*** Begin section ***

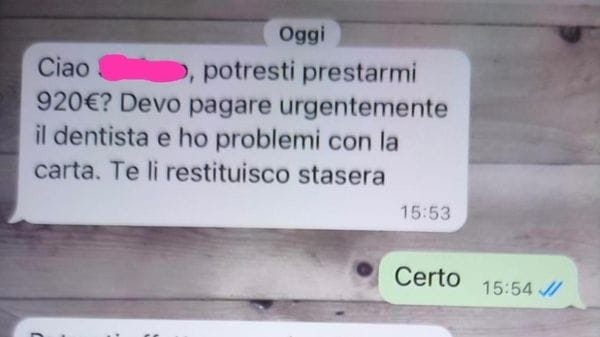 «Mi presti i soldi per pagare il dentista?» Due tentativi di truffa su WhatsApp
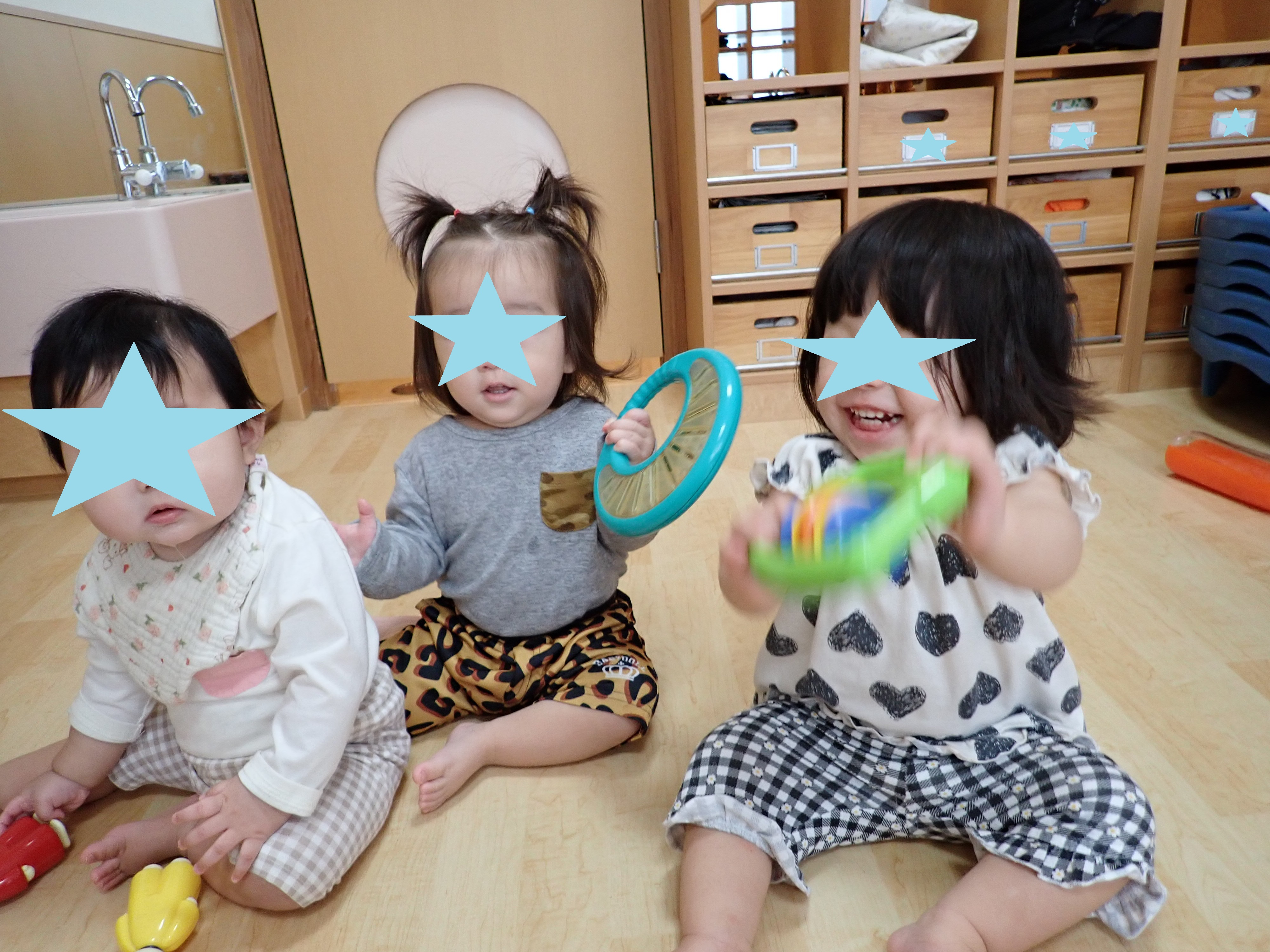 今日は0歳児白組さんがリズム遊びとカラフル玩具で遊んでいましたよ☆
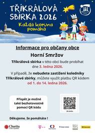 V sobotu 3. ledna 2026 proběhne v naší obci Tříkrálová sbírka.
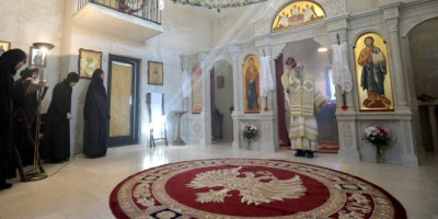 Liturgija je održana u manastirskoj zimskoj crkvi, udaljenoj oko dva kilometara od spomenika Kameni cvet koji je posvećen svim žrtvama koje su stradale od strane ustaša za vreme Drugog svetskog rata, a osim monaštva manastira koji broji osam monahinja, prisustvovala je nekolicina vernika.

*** End section ***
*** Begin section ***

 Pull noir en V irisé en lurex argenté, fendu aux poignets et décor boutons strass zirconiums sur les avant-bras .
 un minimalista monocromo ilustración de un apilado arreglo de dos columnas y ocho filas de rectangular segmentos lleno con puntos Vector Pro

*** End section ***
*** Begin section ***

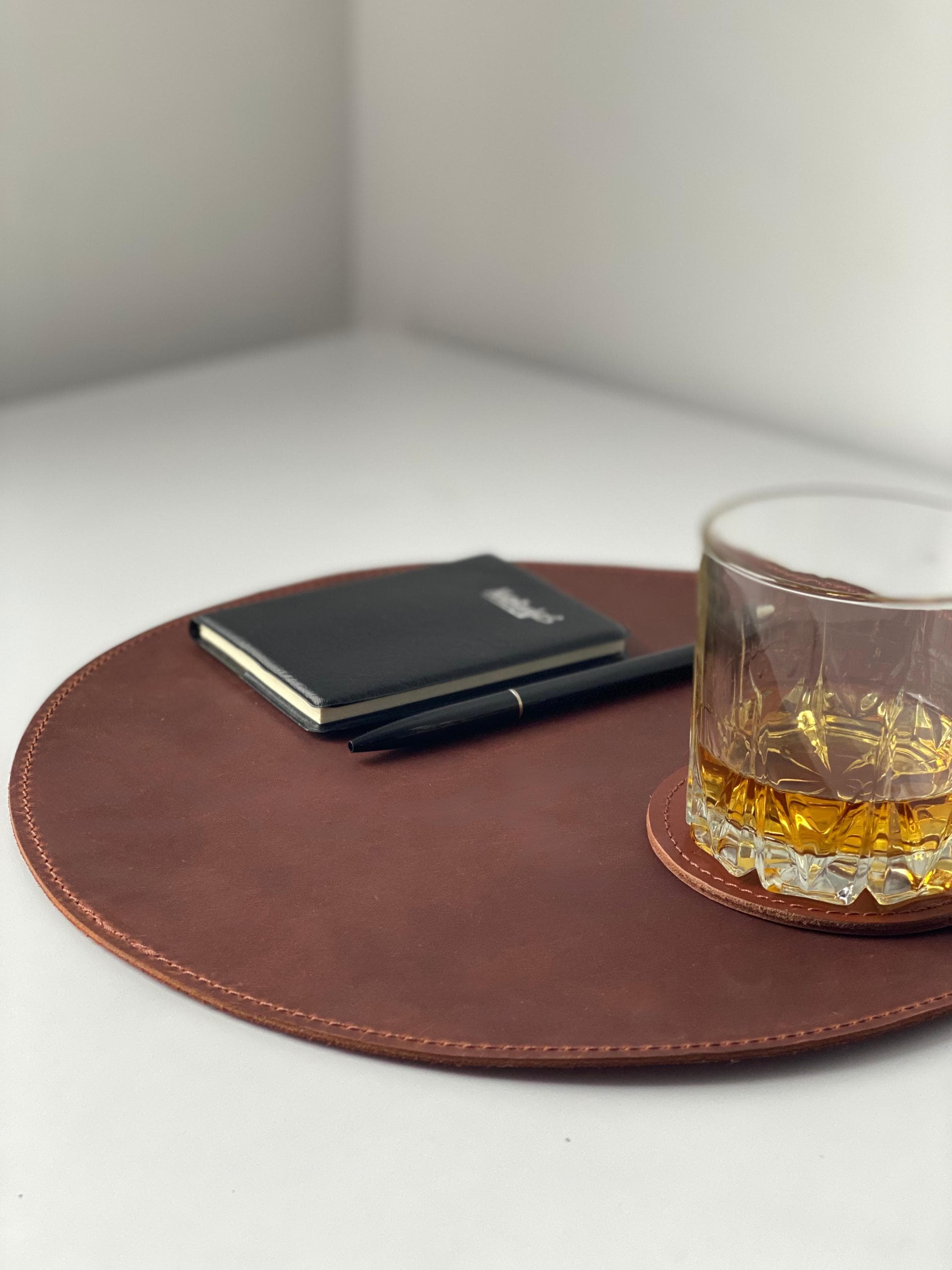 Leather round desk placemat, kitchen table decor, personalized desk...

*** End section ***

**EXERCISE:**
Out of the records above, return only the lines from the one with "truffa su WhatsApp" through the one with "V sobotu 3.", exactly, and none of the pictures.

**EXERCISE OUTPUT:**
 «Mi presti i soldi per pagare il dentista?» Due tentativi di truffa su WhatsApp
 今日は0歳児白組さんがリズム遊びとカラフル玩具で遊んでいましたよ☆
 V sobotu 3. ledna 2026 proběhne v naší obci Tříkrálová sbírka.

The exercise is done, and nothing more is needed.